== DATASET EXCERPTS ==
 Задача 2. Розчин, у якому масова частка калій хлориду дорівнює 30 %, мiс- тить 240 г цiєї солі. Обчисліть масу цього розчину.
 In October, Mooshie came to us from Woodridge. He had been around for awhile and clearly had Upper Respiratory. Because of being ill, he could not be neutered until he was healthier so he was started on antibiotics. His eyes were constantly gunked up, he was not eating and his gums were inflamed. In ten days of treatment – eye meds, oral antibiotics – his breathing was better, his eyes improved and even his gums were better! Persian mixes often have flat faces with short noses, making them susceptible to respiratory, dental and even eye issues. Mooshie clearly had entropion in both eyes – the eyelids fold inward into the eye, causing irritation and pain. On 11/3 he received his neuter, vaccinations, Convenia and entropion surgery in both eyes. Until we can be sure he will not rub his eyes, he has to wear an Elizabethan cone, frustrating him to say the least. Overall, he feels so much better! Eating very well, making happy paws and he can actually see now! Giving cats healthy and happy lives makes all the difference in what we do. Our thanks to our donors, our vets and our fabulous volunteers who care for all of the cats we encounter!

* * *

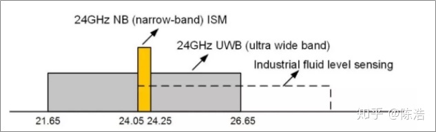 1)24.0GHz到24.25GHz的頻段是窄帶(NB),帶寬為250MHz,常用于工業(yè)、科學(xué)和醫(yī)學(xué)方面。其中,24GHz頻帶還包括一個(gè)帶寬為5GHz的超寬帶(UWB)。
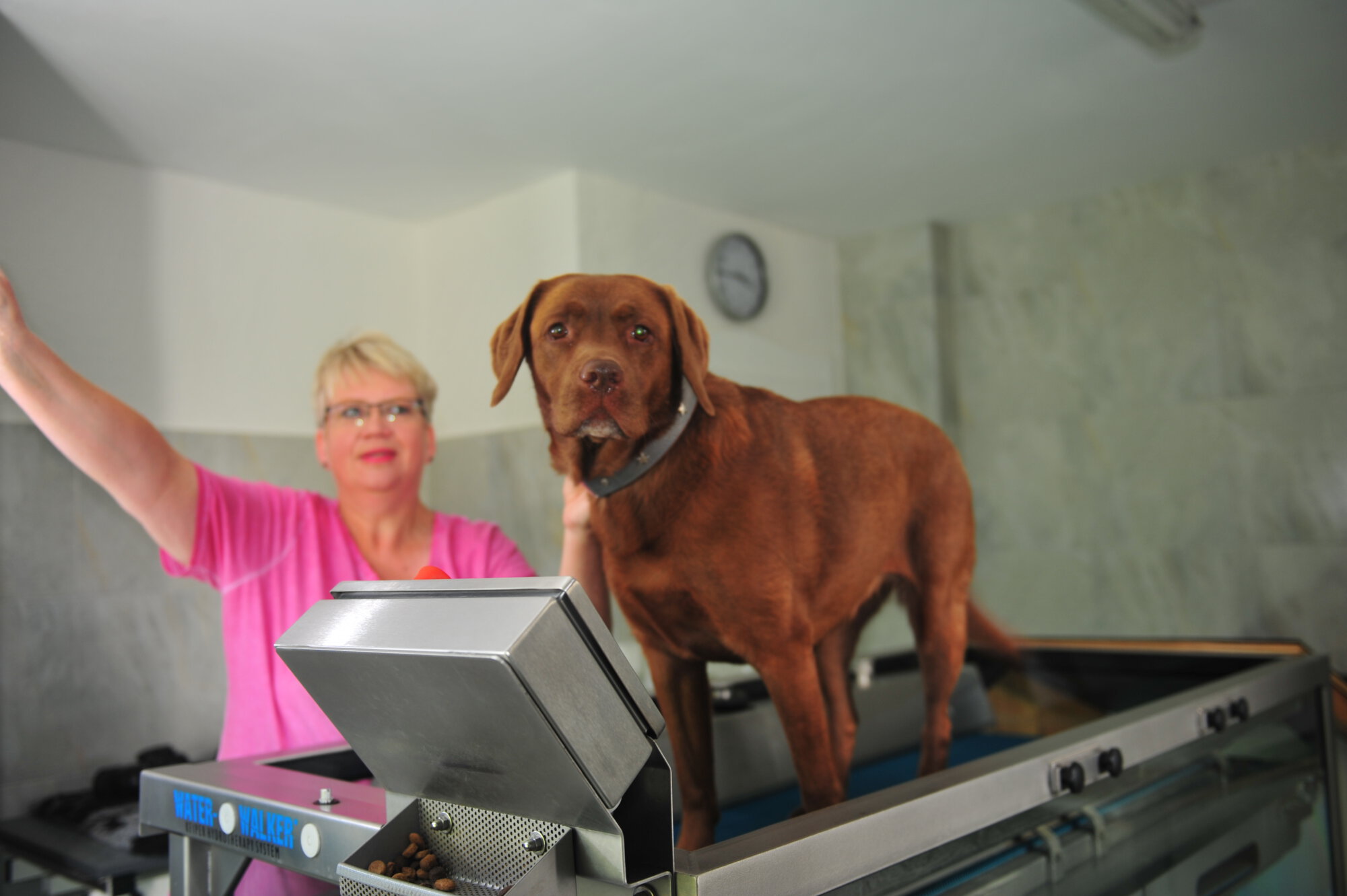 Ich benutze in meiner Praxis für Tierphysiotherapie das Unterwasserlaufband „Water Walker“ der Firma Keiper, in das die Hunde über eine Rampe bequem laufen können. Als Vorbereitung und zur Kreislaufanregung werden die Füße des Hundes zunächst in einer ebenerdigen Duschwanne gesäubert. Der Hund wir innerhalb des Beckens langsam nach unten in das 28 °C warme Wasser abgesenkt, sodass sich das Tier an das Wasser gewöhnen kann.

== PROBLEM TO SOLVE ==
Leaving out each picture, repeat exactly the lines above from the one that contains "1)24.0GHz到24.2" through the one that contains "Ich benutze in".

== WRITTEN SOLUTION ==
 1)24.0GHz到24.25GHz的頻段是窄帶(NB),帶寬為250MHz,常用于工業(yè)、科學(xué)和醫(yī)學(xué)方面。其中,24GHz頻帶還包括一個(gè)帶寬為5GHz的超寬帶(UWB)。
 Ich benutze in meiner Praxis für Tierphysiotherapie das Unterwasserlaufband „Water Walker“ der Firma Keiper, in das die Hunde über eine Rampe bequem laufen können. Als Vorbereitung und zur Kreislaufanregung werden die Füße des Hundes zunächst in einer ebenerdigen Duschwanne gesäubert. Der Hund wir innerhalb des Beckens langsam nach unten in das 28 °C warme Wasser abgesenkt, sodass sich das Tier an das Wasser gewöhnen kann.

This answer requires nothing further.